Companies need to provide non-financial disclosures, investors say

Thursday, 22 October, 2015

Companies need to provide non-financial disclosures that outline visible, measurable risks to the company’s performance or risk losing their potential investment, according to a survey of institutional investors conducted by EY.

‘Tomorrow’s Investment Rules 2.0’ is a survey of more than 200 global institutional investors, looking at their views about the use of non-financial information in investment decision-making. The findings show that nearly two-thirds (63.6%) of respondents believe that companies do not adequately disclose the environmental, social and governance (ESG) risks that could affect their current business models.

Institutional investors also no longer regard ESG risks as specific to the energy and resources sectors, with 61.5% of all respondents globally considering non-financial data to be relevant to all sectors today — nearly double the 33.7% of respondents from the 2014 survey. At 82.6%, investors in Australia were the most likely to see non-financial data as relevant across all sectors.

The survey found significant increases in the number of investors embedding non-financial disclosures into their investment decision-making, with 79.1% undertaking some form of assessment of companies’ environmental and social impact statements (up from 64.4% in 2014). An increasing number of investors are conducting structured, methodical evaluations of this information — 37% in 2015, nearly double the 19.6% in the 2014 survey.

The survey also revealed a sharp focus on stranded assets — increasingly a risk in nearly every industry but most recently associated with the energy and resources sectors.  Nearly two-thirds of respondents (62.4%) expressed concern over stranded asset risk and more than a third (35.7%) said their funds had divested holdings of a company’s shares in the past year due to the risk of stranded assets, while another 26.7% expect to monitor it closely in the future.

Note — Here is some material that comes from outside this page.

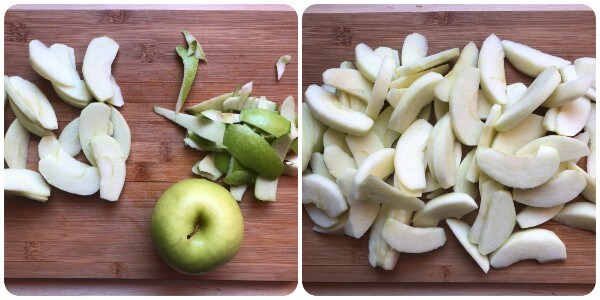 Lave quatro maçãs verdes, descasque-as, retire o miolo e corte em fatias.

The top areas causing investors to reconsider prospective investments are risk or history of poor environmental performance (75.6% would reconsider the investment) and not addressing risks in the supply chain (72.6% would reconsider). The greatest increase in focus for investors is climate change and human rights.

“As non-financial concerns continue to emerge as material to investment decisions, companies will likely be increasingly expected to provide this information alongside financial information in integrated reports,” said EY Oceania’s climate change and sustainability leader, Dr Matthew Bell.

“The real leaders in this space understand there is capacity to create value from this in the long term, which is really what investors need to know.

“Boards and CEOs that offer investors the type of information they want, the way they want it, can potentially gain greater investor attention and, ultimately, an advantage over peers in the capital markets.”